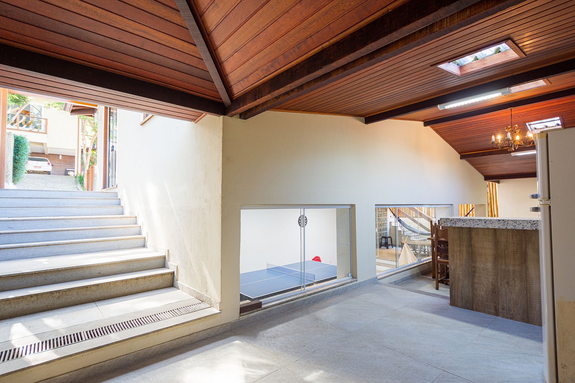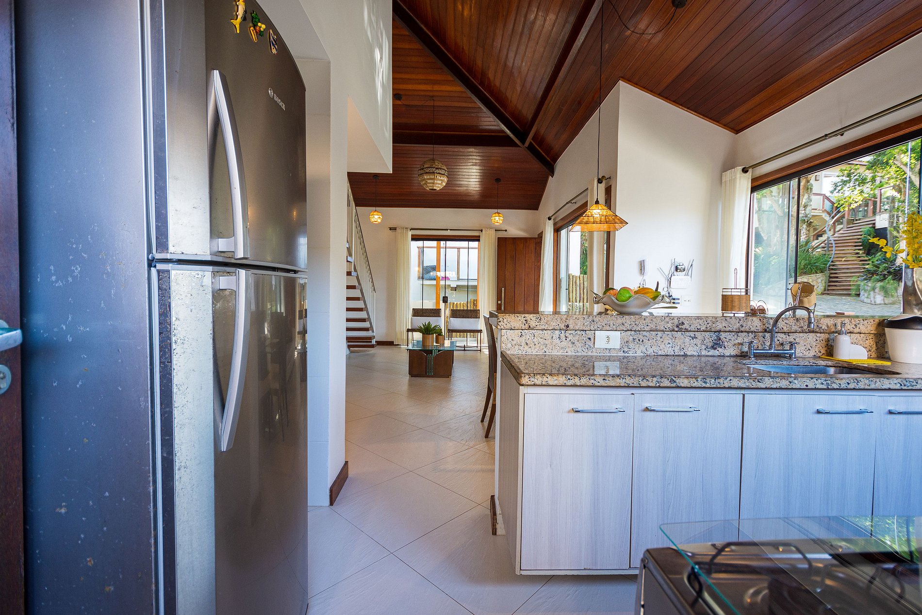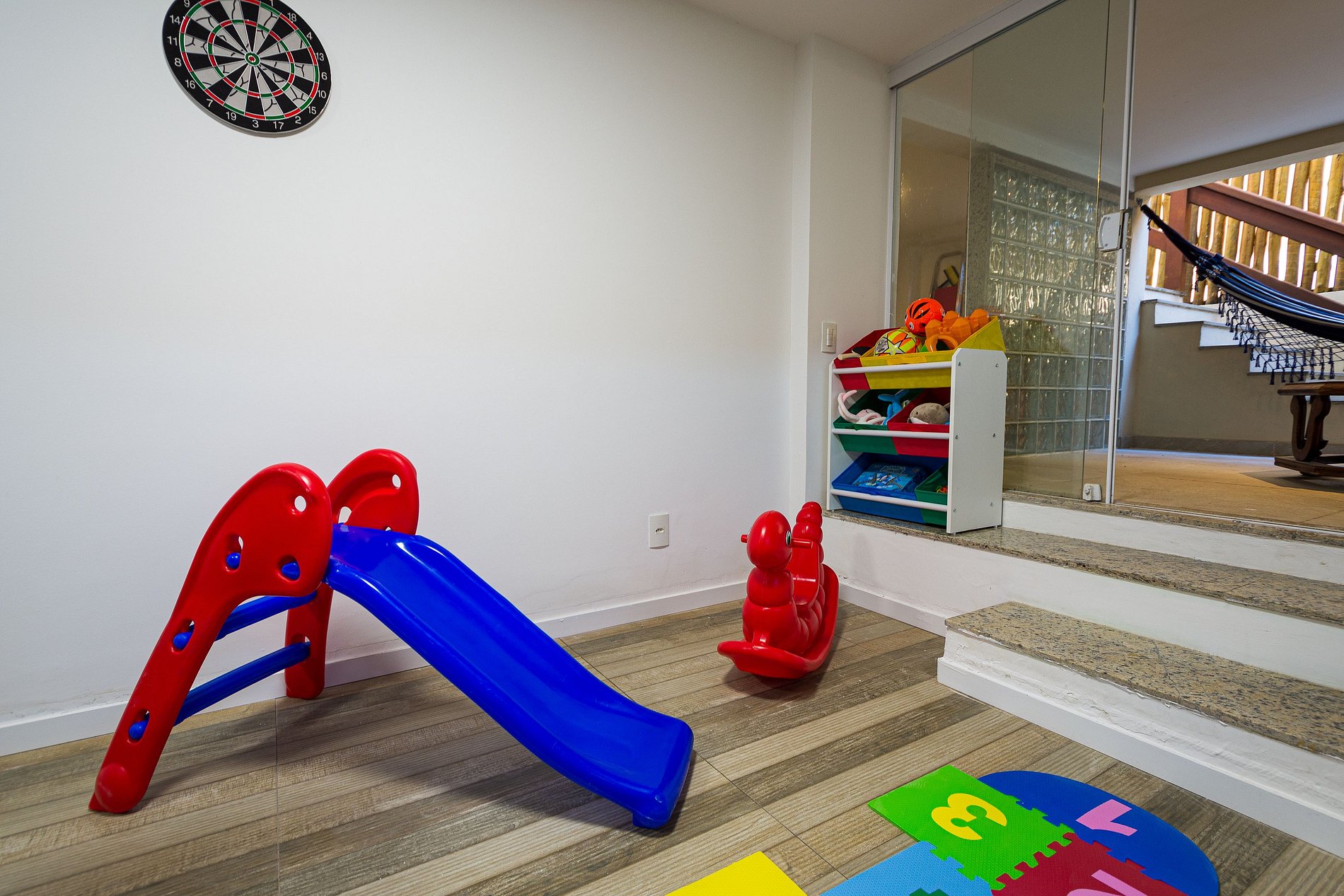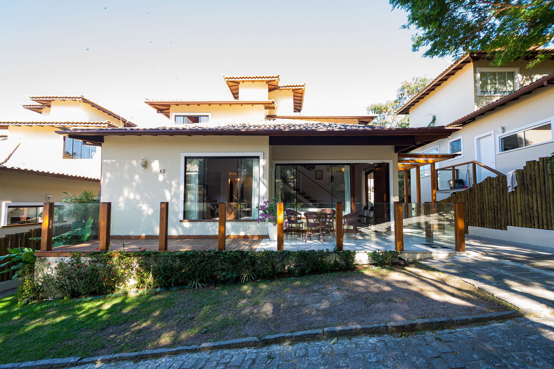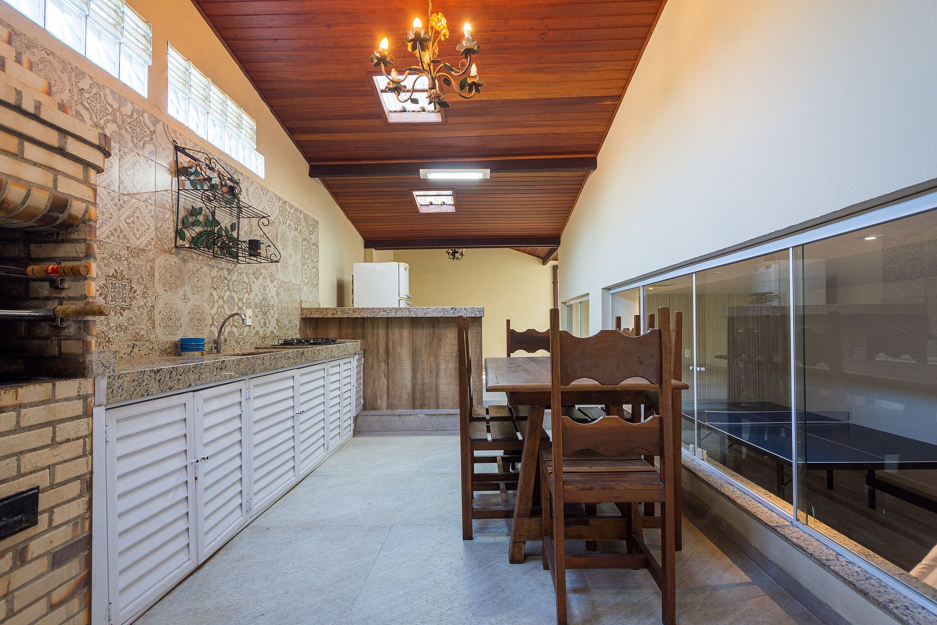 A casa possui quatro suítes com ar-condicionado e um lavabo, além de uma sala de estar bem ampla e cozinha completa. A área externa é espaçosa e tem um deck frontal com mesa e área de churrasco nos fundos com chuveirão e banheiro. Possui garagem para até 2 carros.
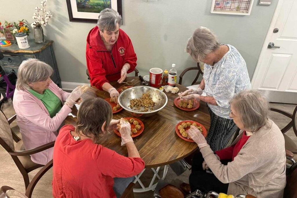 Recently, residents rolled up their sleeves to make oatmeal and chocolate chip balls during a “snack-tivity” session. The process of mixing ingredients and shaping the treats offered a chance to be part of something hands-on and tasty. Later in the week, the group switched gears to crafting sunflowers, giving residents an opportunity to focus on simple but satisfying handiwork.
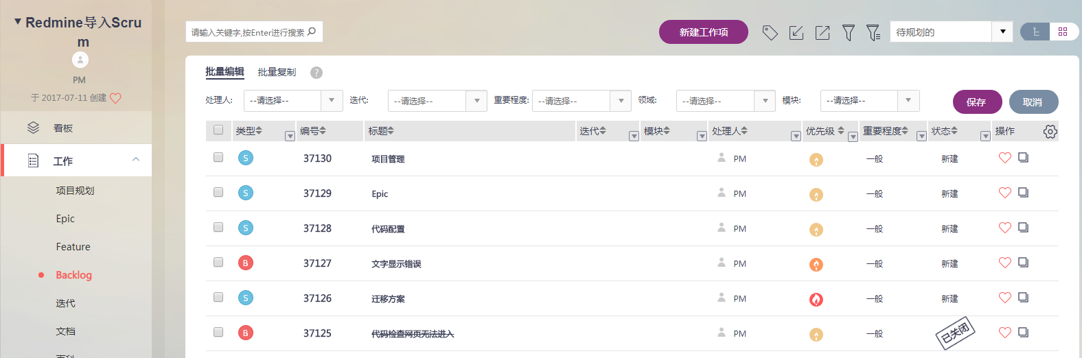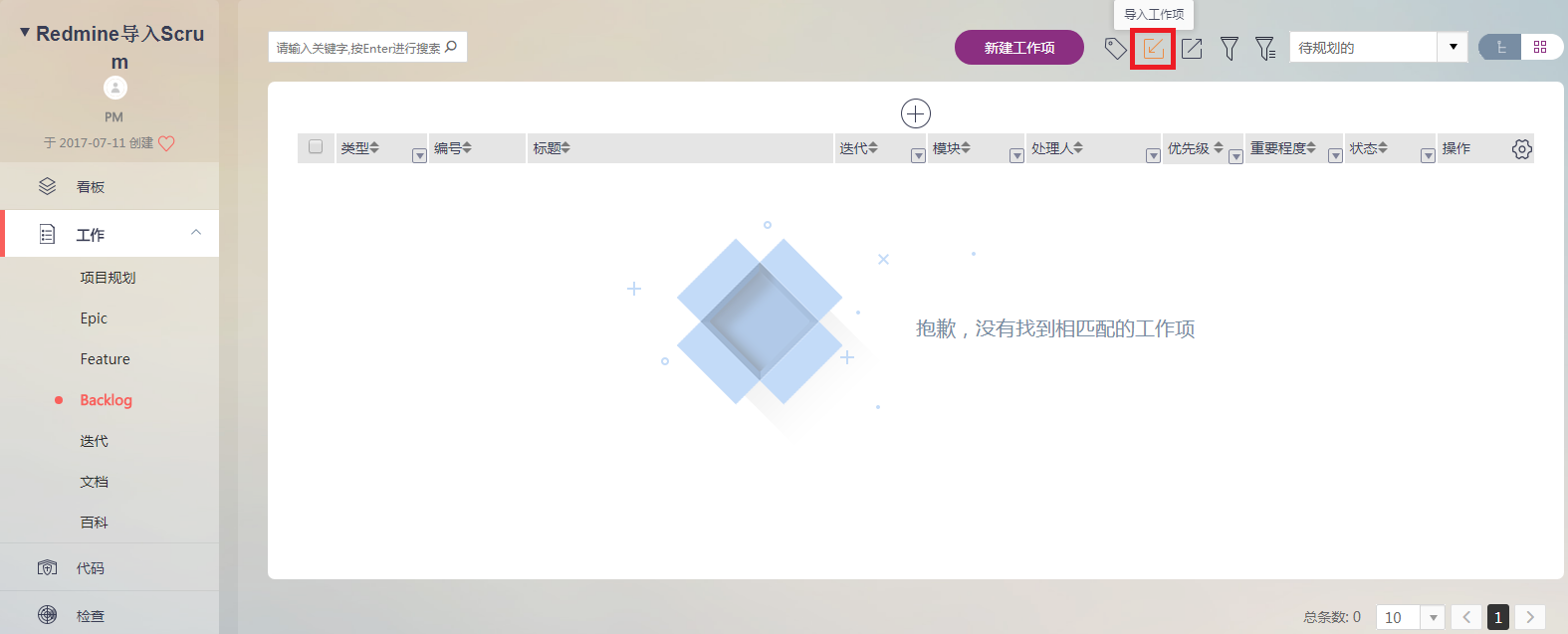 2、进入【工作】标签的【Backlog】界面中
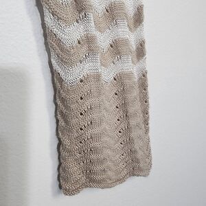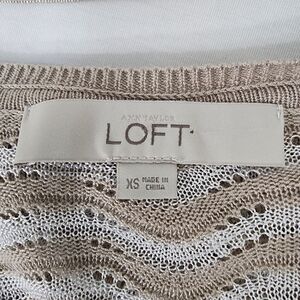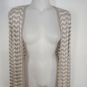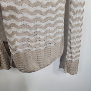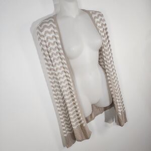 Ann Taylor LOFT Cardigan Sweater XS White Beige Chevron Open Front Open Knit

▸ THE TASK: Restate word for word the lines starting at the one that contains "2、进入【工作】标签的【Backlog】界面中" and ending at the last line of the data. Skip every picture.

▸ TASK SOLUTION:
 2、进入【工作】标签的【Backlog】界面中
 Ann Taylor LOFT Cardigan Sweater XS White Beige Chevron Open Front Open Knit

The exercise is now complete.